AI Crawler Cheat Sheet 2026: The Complete Reference

AI companies use web crawlers to gather training data and power real-time retrieval for their AI platforms. As a website owner or GEO practitioner, you need to know exactly which crawlers exist, who operates them, what they are used for, and how to control access via robots.txt. This cheat sheet is the most comprehensive, up-to-date reference available, covering every known AI crawler as of March 2026 with user-agent strings, purpose, and recommended directives. Bookmark this page; it is updated monthly as new crawlers emerge.

Key Data

16 known AI crawlers actively indexing the web as of March 2026.
3 crawlers per AI platform on average, one for training, one for real-time retrieval, one for search indexing.
68% of the top 1,000 websites now have at least one AI-specific robots.txt directive.
Only 23% of websites distinguish between training crawlers and retrieval crawlers in their robots.txt configuration.
Recommended approach: Block training crawlers, allow retrieval crawlers, this protects content while preserving AI visibility.
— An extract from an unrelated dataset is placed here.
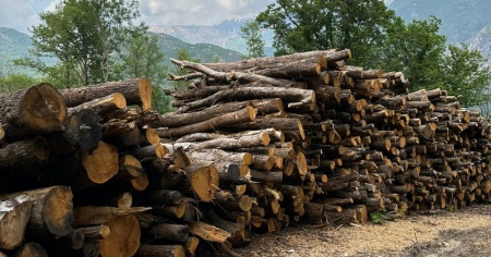 L'impianto di teleriscaldamento: 5'000 m3 di legname all'anno per risparmiare 1 milione di litri di combustibile fossile - Intanto, «il legname esboscato» è stato «stoccato sul posto in attesa di poter essere trasportato presso la centrale termica di Losone».
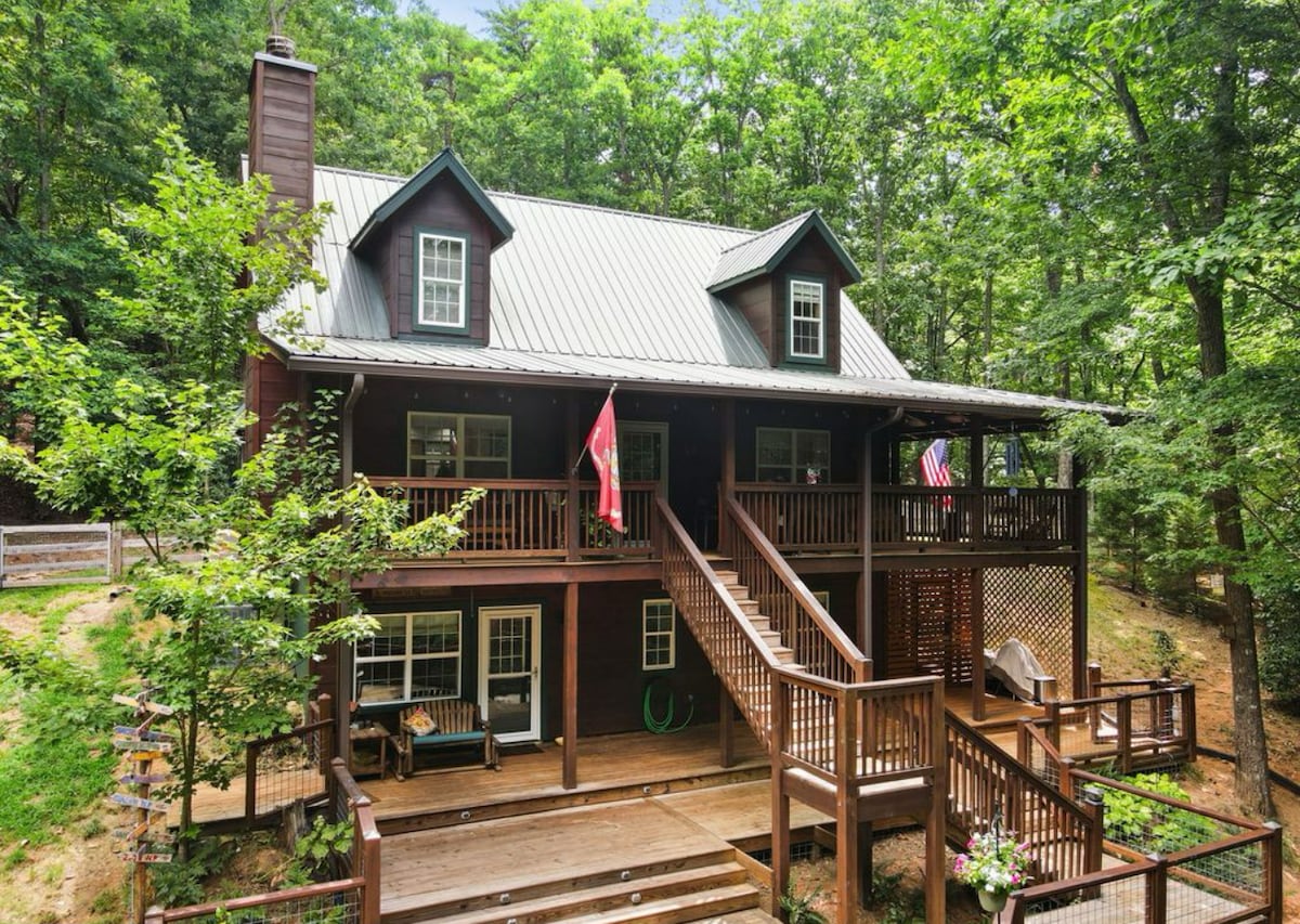Entfliehe in diese private 4BR/3BA Hütte auf fast 5 bewaldeten Acres in Sautee Nacoochee, nur wenige Minuten von Helen entfernt! Genießen Sie den saisonalen Blick auf den Mt. Yonah, eine umlaufende Veranda, einen gemütlichen Steinkamin und eine voll ausgestattete Küche. Perfekt für Familien, Gruppen oder Tierhaltung mit eingezäuntem Garten. Gemeinschaftlicher Flusszugang zum Tubing, Kajakfahren und Angeln. Mit Highspeed-Internet kannst du ganz einfach von überall aus arbeiten. Frieden, Privatsphäre und Bergzauber erwarten Sie!

Complete AI Crawler Reference Table

The table below documents every known AI crawler with verified user-agent strings and their purpose. Use this data to configure your robots.txt precisely.

Crawler Name	Owner	Purpose	User-Agent String	Robots.txt Directive	Default Behavior
GPTBot	OpenAI	Training data collection for GPT models	GPTBot	User-agent: GPTBot	Crawls unless blocked. Respects robots.txt and noindex. Does NOT crawl paywalled content.
OAI-SearchBot	OpenAI	Real-time web retrieval for ChatGPT Search	OAI-SearchBot	User-agent: OAI-SearchBot	Crawls for live search results. Respects robots.txt. Blocking this prevents your content from appearing in ChatGPT's browsing-mode responses.
ChatGPT-User	OpenAI	User-initiated browsing in ChatGPT	ChatGPT-User	User-agent: ChatGPT-User	Triggered when a ChatGPT user explicitly requests to browse the web. Respects robots.txt. Blocking removes your content from user-triggered web lookups.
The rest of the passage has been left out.